Bittrex’s bankruptcy filings are filled with tens of thousands of contradictory, suspicious, and improbable transactions — a pattern that could affect nearly two million customers who held digital assets on the exchange before its 2023 collapse.
A regulatory compliance researcher’s review of court documents, along with Bittrex’s hot and cold wallet data, found over $500 million in allegedly fabricated transactions spread across multiple filings. These anomalies, the researcher warns, could significantly distort asset distribution to creditors.
Researcher Uncovers $500 Million in Unverified Bittrex Transactions
Financial statements covering the 90 days before Bittrex filed for Chapter 11 in May 2023 include more than $500 million in potentially fabricated transactions, according to researcher Pasha Onur. His analysis identified thousands of micro-transactions below the platform’s minimum withdrawal limit, as well as repeated withdrawals of identical fractional Bitcoin amounts. These inconsistencies, he said, may render customer balances and creditor claims inaccurate.
“Certain patterns in the filed documents immediately raised serious red flags,” Onur said. His review of court records and blockchain data concluded that over $500 million in “fabricated transactions” were filed with the bankruptcy court.
Bittrex, founded in Seattle in 2014, filed for bankruptcy in May 2023, just weeks after the U.S. Securities and Exchange Commission accused it of operating an unregistered securities exchange. The company shut down in December 2023.
Data Anomalies Could Distort Bittrex Creditor Payouts
Onur said the data anomalies could materially affect creditor recovery. If withdrawal transactions were fabricated, he explained, customer balances and creditor claim amounts would be wrong. Because that data also determines the list of the top 20 creditors, a key factor in conflict-of-interest checks and asset distribution, any inaccuracies could have wide-reaching implications.
Bittrex had roughly 1.6 million users at the time of its bankruptcy filing. Yet fewer than 36,000 filed claims. Claims for Bittrex Global closed in April 2025, and payments have yet to be distributed.
At the time of the filing, OFAC was listed as Bittrex’s largest creditor, due to a $24 million unpaid settlement stemming from sanctions violations in 2022.
Thousands of Impractical, Repetitive Transactions Raise Red Flags
Onur’s analysis focused on financial statements from the 90-day window before the bankruptcy, which were submitted in June 2023. During that period, the exchange required a minimum $35 cash withdrawal (including a $25 fee) and crypto withdrawal fees typically ranging from $5 to $20.
Despite those limits, the analysis found over 21,500 small crypto transactions valued far below the withdrawal fees. Onur questioned how such transactions could occur when they were “economically impractical.” Most of these micro-withdrawals appeared on the same day each month.
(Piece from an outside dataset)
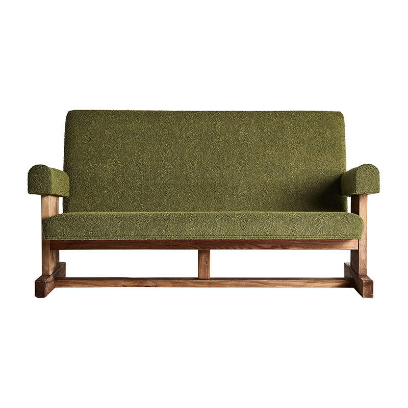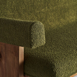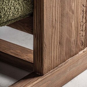 Sofá Creusot de estilo colonial fabricado en madera de pino reciclado en color marrón combinado con poliéster en color verde.

The filings also listed over 10,000 transactions, purportedly from customers, for the exact same fractional Bitcoin amount, all executed on the same day. Given Bitcoin’s precision to eight decimal places, Onur said it would be highly improbable for thousands of customers to withdraw identical amounts simultaneously.
Transaction logs further showed more than 200 transfers involving an asset labeled LMC. According to DL News, LMC refers to LoMoCoin, a blockchain network that stopped processing transactions in 2021. Yet the filings listed transactions in that asset two years after its network had gone inactive.
Bittrex’s Troubled Compliance Record Offers Clues
Bittrex had a long history of compliance issues. In 2019, the New York State Department of Financial Services denied its license application, citing deficiencies in anti–money laundering and OFAC compliance programs.
In 2022, Bittrex was fined $53 million for sanctions violations and for processing 263 million illegal transactions between 2014 and 2017. The exchange later settled with the SEC in 2023, agreeing to pay $24 million to resolve charges that it operated an unregistered exchange, broker, and clearing agency. Bittrex did not admit wrongdoing as part of the settlement.
Chain Street’s Take
Bittrex’s filings highlight how messy crypto bankruptcies can get when shaky compliance meets a high-stakes regulatory crackdown. Even if some transactions turn out to be reporting errors rather than fraud, the scale of anomalies underscores the risks of relying on opaque records for creditor recovery. For nearly 2 million former users, the numbers on paper may not match the reality in wallets.